What were the "successes" of the Communist Party in the trade unions? The Stalinists succeeded in capturing posts, but these accomplishments were not successes for the working class. They were used by the Stalinists to serve their masters in the Soviet bureaucracy and US big business, for whom the CP played a particularly useful role in keeping the working class tied to the Democratic Party.

Millions of workers were organized into the CIO in an 18-month period of turbulent class struggle beginning with the 1936-37 Flint sit-down strike. Foster helped train a layer of CP functionaries and activists who played a major role in politically strangling this upsurge. Johanningsmeier says nothing at all about this.
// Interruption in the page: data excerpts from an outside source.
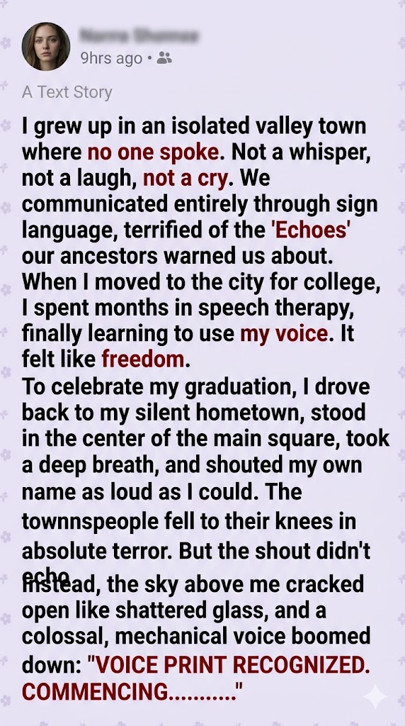 I lowered my hands. I didn’t sign. I looked at my people, still kneeling in the dust of their shattered reality, shielding their eyes from their very first sunrise. I did the only thing I could do. I took another deep breath, offered my hand to Elder Silas, and used the voice I had fought so hard to find.
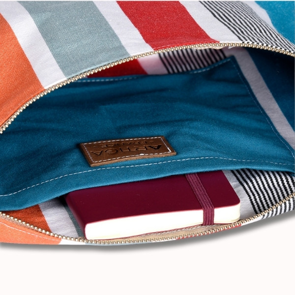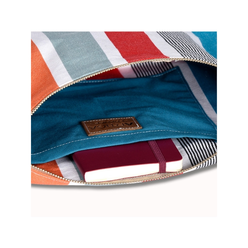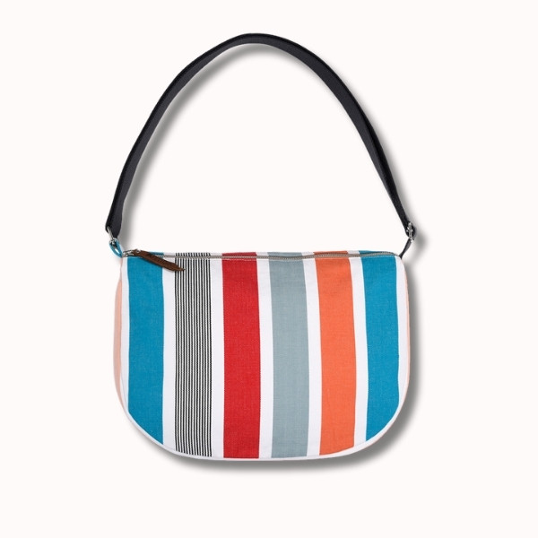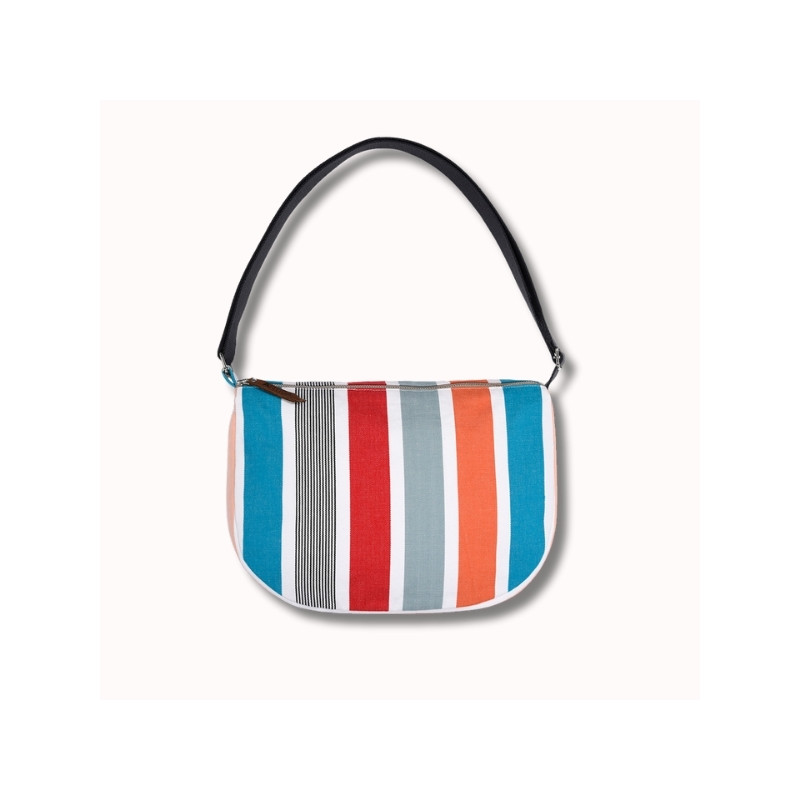 Le sac Bertille Garlin Pêche est en toile transat rayée, 100% coton.
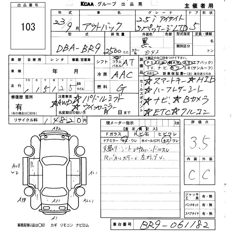 SUBARU OUTBACK - лот 103
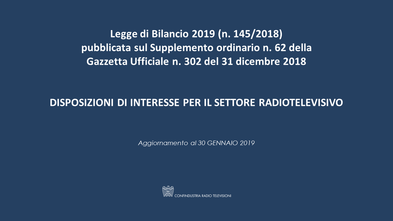 Legge di Bilancio 2019: aggiornamento disposizioni RadioTV
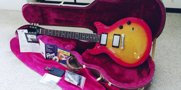 We have here a Gibson Les Paul DC Studio Cherry Sunburst in Excellent Condition.
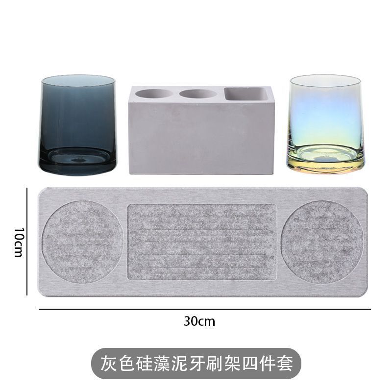 • ❂시멘트 회색 칫솔 홀더 + 크리스탈 유리*2
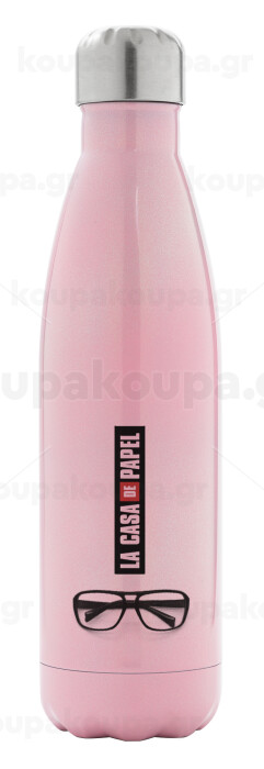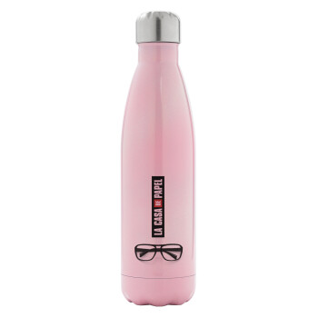 la professor, γυαλιά, Μεταλλικό παγούρι θερμός Ροζ Ιριδίζον (Stainless steel), διπλού τοιχώματος, 500ml
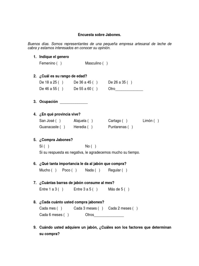 Encuestas sobre jabones. 7 páginas • 4099 visualizaciones. ¡explore plantillas de formularios de publicidad para ayudarle a recibir de forma eficiente nuevas consultas de clientes. La encuesta no llevara más de 3 minutos.

The Stalinists lost their influence in the top CIO bureaucracy as the Cold War began, but not, as Johanningsmeier claims, because of a turn to sectarianism. The author has it backwards. The Stalinists were more than willing to continue their wartime role, but they were unceremoniously dumped after the US shifted its course and launched the Cold War. Socialists and class-conscious workers were purged from the unions, along with the largely discredited Stalinists.

The facts as presented by Johanningsmeier himself provide the basis for a more serious judgment of Foster. They confirm the assessment made by the Trotskyist movement of Foster's strengths and weaknesses, and of his lamentable political role from the time he cast his lot with the Soviet bureaucracy.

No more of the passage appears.